Similarly, it is important to accessorize but to do so out of reach. Fragile objects stand a better chance if they are out of the danger zone, which is believed to be forty-five inches above floor level. Always design and plan from the ground upwards. Design and décor can be an opportunity to teach children behavioural limits and respect for their surroundings.

As someone who grew up in an Italian home, I knew that there was no room for horseplay. This was especially true of what was typically the upstairs living/family room area where neither family nor living took place.

This room I had affectionately dubbed the museum was complete with plastic covered furniture and china cabinets full of treasured knick-knacks. Besides, we were either in the kitchen, dining room or backyard.

The backyard was where all the adventure and fun happened. The garden and various fruit trees were the perfect backdrop for hide and seek. It was a jungle waiting to be negotiated, and the lush grass provided a forgiving landing spot for failed cartwheels.

In terms of design, beyond the garden and backyard green space, which was full of fresh fruits and veggies and provided a great lesson about healthy eating and where food comes from, the backyard was truly is a world of possibility.

The exterior of a home holds unlimited possibility as a gathering place for the family. It provides a space for kids to self-actualize. A backyard could be paradise at home and a place where kids want to be, even when they are grown.

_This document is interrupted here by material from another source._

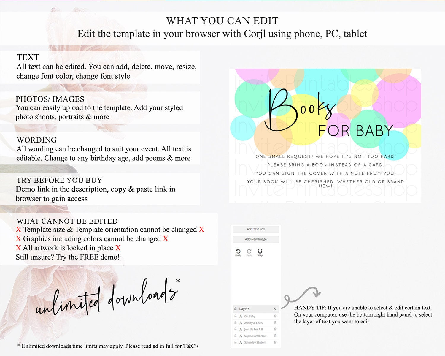 Rainbow Books For Baby Card Pastel Sprinkles Book Insert Pastel Rainbow Confetti Book Card Colorful Bubbles Pastel Book Poem Request D10409

When kids decide to step away from the newest and greatest gaming console or computer game inside the house, it is just as important for them to have a space for themselves outdoors. And once again, safety is key.

One great safety feature is fencing. Whether it is the white picket fence, natural fences and barriers or a retaining wall to prevent balls and Frisbees from becoming the property of the neighbours, fencing is something that needs thought.

Another safety feature is maintaining a clear line of sight from the house which is especially important for homes with pools. This allows for supervision at all times to minimize risk. Pools give the ultimate kid-friendly activity for a home’s exterior.

The backyard and driveway also happens to be where some of the world’s greatest athletes got their start. Whether it is a basketball court, room to play catch, a tree house, climbing wall, rope swing, zip line or trampoline, activities like these are a great way to keep kids out of trouble and entertained for hours.

The most significant exterior design requirement for the home is a place for the family to come together. Barbecue areas, comfortable family seating, outdoor dining and even fire pits, are great ways to find time for family. And once again, outdoor storage is a must!

Building and buying a home is a major milestone in life, and there is much to consider. If deciding to start or grow a family is not a big enough decision on its own, making sure the family has a safe, comfortable, functional and aesthetically pleasing place to live and grow adds another dimension to making the right design and décor decisions.

The goal is always to make a home a space for everyone to enjoy at every stage of life, and through thoughtful layout planning or redesign, families can live their best lives possible in the home of their dreams. If there is one thing that is certain: there is no place like home.